* _TASK_: A letter-for-letter copy of the listing is required, with no pictures in it.

* _COLLECTED MATERIAL_:
=-=-=-=-=

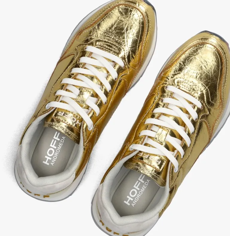 Voeg een vleugje glamour toe aan je dagelijkse look met de goudkleurige ANDROMEDA sneakers van THE HOFF BRAND. Perfect voor een dagje shoppen of een ontspannen wandeling door het park. Deze sneakers stralen luxe uit en combineren moeiteloos met een casual jeans of een stijlvolle midi-rok. De glanzende gouden kleur zorgt ervoor dat je opvalt, terwijl het comfortabele ontwerp je voeten blij houdt. Of je nu kiest voor een relaxte outfit of een meer geklede look, deze sneakers zijn de ideale metgezel. Laat je inspireren door de veelzijdigheid en het comfort van de ANDROMEDA sneakers.
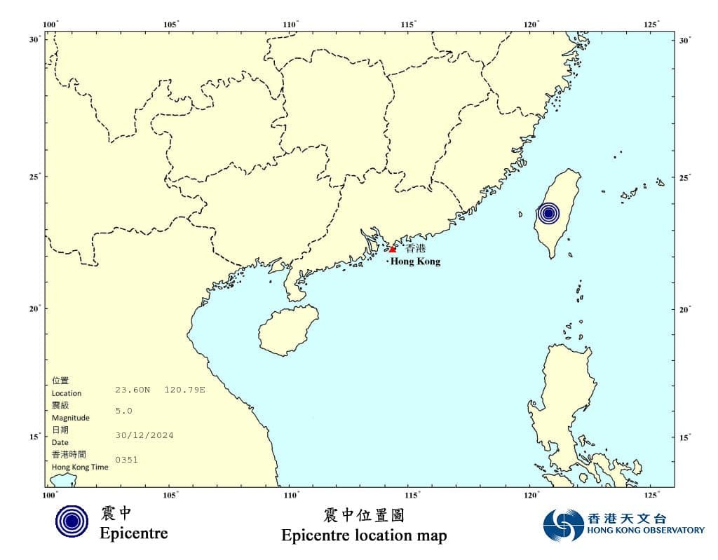 【點新聞報道】台灣嘉義縣今日(30日)凌晨發生地震,本港亦有震感。台灣氣象部門公布,此次地震規模達到5.1級,地震深度12.3公里,震央位於嘉義縣梅山鄉。據香港天文台初步測算,今日上午3時51分在台灣發生一次5.0級地震,震中位於嘉義之東北偏東約44公里,震源深度約5公里。
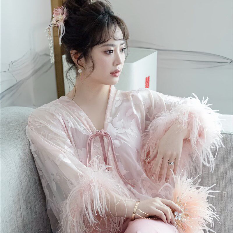 57¥ CZ005 5lSqUu0DeSz¥ https://m.tb.cn/h.idM5AGk 新中式晨袍新娘结婚仙女粉色高级感驼鸟毛睡衣睡袍春秋羽毛可拆卸 --------------------- 【原售价】781元 【现售价】781元。
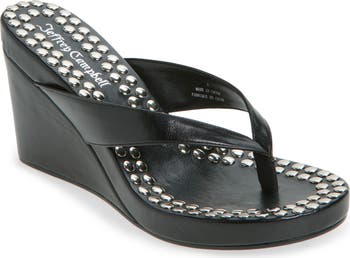 Rows of glossy studs trim the footbed and bring an edgy aesthetic to a lofty faux-leather flip-flop set on a subtle platform and chunky wedge heel.

=-=-=-=-=

* _RESPONSE_:
 Voeg een vleugje glamour toe aan je dagelijkse look met de goudkleurige ANDROMEDA sneakers van THE HOFF BRAND. Perfect voor een dagje shoppen of een ontspannen wandeling door het park. Deze sneakers stralen luxe uit en combineren moeiteloos met een casual jeans of een stijlvolle midi-rok. De glanzende gouden kleur zorgt ervoor dat je opvalt, terwijl het comfortabele ontwerp je voeten blij houdt. Of je nu kiest voor een relaxte outfit of een meer geklede look, deze sneakers zijn de ideale metgezel. Laat je inspireren door de veelzijdigheid en het comfort van de ANDROMEDA sneakers.
 【點新聞報道】台灣嘉義縣今日(30日)凌晨發生地震,本港亦有震感。台灣氣象部門公布,此次地震規模達到5.1級,地震深度12.3公里,震央位於嘉義縣梅山鄉。據香港天文台初步測算,今日上午3時51分在台灣發生一次5.0級地震,震中位於嘉義之東北偏東約44公里,震源深度約5公里。
 57¥ CZ005 5lSqUu0DeSz¥ https://m.tb.cn/h.idM5AGk 新中式晨袍新娘结婚仙女粉色高级感驼鸟毛睡衣睡袍春秋羽毛可拆卸 --------------------- 【原售价】781元 【现售价】781元。
 Rows of glossy studs trim the footbed and bring an edgy aesthetic to a lofty faux-leather flip-flop set on a subtle platform and chunky wedge heel.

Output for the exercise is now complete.